Source data:

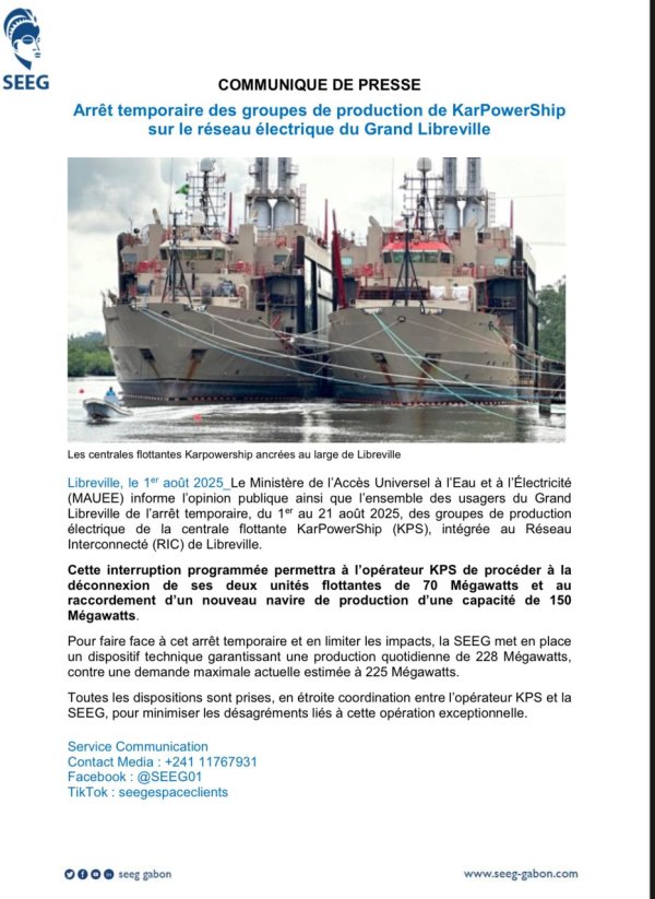 Selon les autorités, cette opération devrait se dérouler sans conséquence majeure pour les usagers. La SEEG, en étroite coordination avec KarPowerShip, affirme avoir mis en place un dispositif technique permettant de maintenir une production journalière de 228 mégawatts, proche de la demande maximale actuelle estimée à 225 mégawatts. L’ensemble de la manœuvre s’inscrit dans une volonté d’apporter davantage de stabilité et de sécurité à l’approvisionnement en électricité de la région.
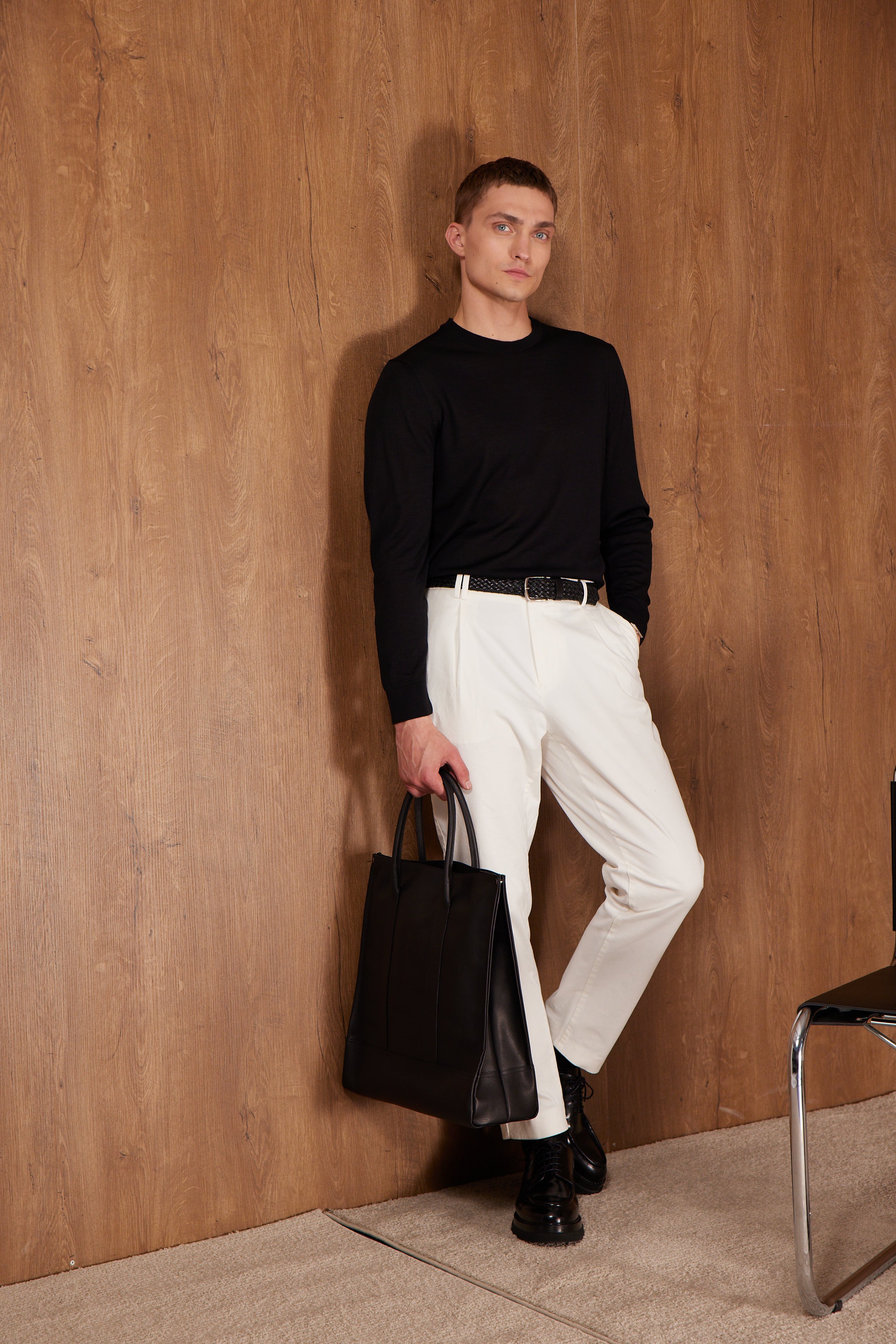 İtalyan ipliğiyle dokunan bu slim fit bisiklet yaka triko, minimal çizgiyi zarif bir duruşla buluşturan modern bir görünüm sunar.
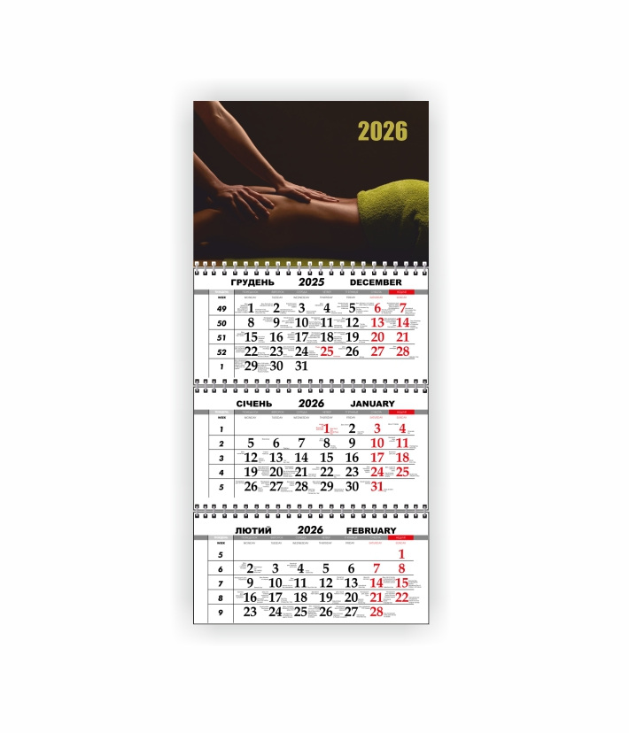 Квартальний настінний календар Vivay 2026 Масажний кабінет 30x65 см Різнокольоровий (hub_681iu2)
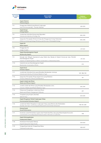 No Indeks IndexNama IndeksIndex Title HalamanPage NumberAspek MaterialMaterial Aspect F.5 Penggunaan Material yang Ramah LingkunganUse of Environmentally - Friendly Materials 222-223Aspek Energi Energy Aspect F.6 Jumlah dan Intensitas Energi yang Digunakan Volume and Intensity of Energy Use 204, 205F.7 Upaya dan Pencapaian Efisiensi Energi dan Penggunaan Energi Terbarukan Efforts to Achieving Energy Efficiency and the Use of Renewable Energy 204, 206Aspek Air Water AspectF.8 Penggunaan Air Usage of water217-219Aspek Keanekaragaman Hayati Biodiversity Aspect F.9 Dampak dari Wilayah Operasional yang Dekat atau Berada di Daerah Konservasi atau Memiliki Keanekaragaman Hayati Impacts of Operating Near or Within Conservation or Biodiversity Areas211-213F.10 Usaha Konservasi Keanekaragaman Hayati Biodiversity Conservation Efforts213Aspek Emisi Emission Aspect F.11 Jumlah dan Intensitas Emisi yang Dihasilkan Berdasarkan Jenisnya Volume and Intensity of Emission Based on Type 187, 188, 190F.12 Upaya dan Pencapaian Pengurangan Emisi yang Dilakukan Emission Reduction Efforts and Realization 191Aspek Limbah dan EfluenWaste and Effluent Aspect F.13 Jumlah Limbah dan Efluen yang Dihasilkan Berdasarkan Jenis Volume of Waste and Effluent Based on Type 224, 225F.14 Mekanisme Pengelolaan Limbah dan Efluen Waste and Effluent Management Methods221F.15 Tumpahan yang Terjadi (Jika Ada) Spills (If Any) 224-225Aspek Pengaduan Terkait Lingkungan Hidup Environmental Grievance AspectF.16 Jumlah dan Materi Pengaduan Lingkungan Hidup yang Diterima dan Diselesaikan Number and Topic of Incoming and Resolved Environmental Grievances 158, 161, 226Kinerja Sosial Social Performance F.17 Komitmen untuk Memberikan Layanan atas Produk Dan/Atau Jasa yang Setara Kepada Konsumen Commitment to Providing Equal Products and/ or Services to Customers318Aspek Ketenagakerjaan Employment Aspect F.18 Kesetaraan Kesempatan Bekerja Equal Employment Opportunity 243-244F.19 Tenaga Kerja Anak dan Tenaga Kerja Paksa Child and Forced Labor 246-247HULU ENERGILaporan Keberlanjutan %u2022 Sustainability Report 338

Try it: In the listing above, find the line with "İtalyan ipliğiyle dokunan" and the line with "Квартальний настінний календар". Copy both of them and every line between, exactly, but not the pictures.

Result of the exercise:
 İtalyan ipliğiyle dokunan bu slim fit bisiklet yaka triko, minimal çizgiyi zarif bir duruşla buluşturan modern bir görünüm sunar.
 Квартальний настінний календар Vivay 2026 Масажний кабінет 30x65 см Різнокольоровий (hub_681iu2)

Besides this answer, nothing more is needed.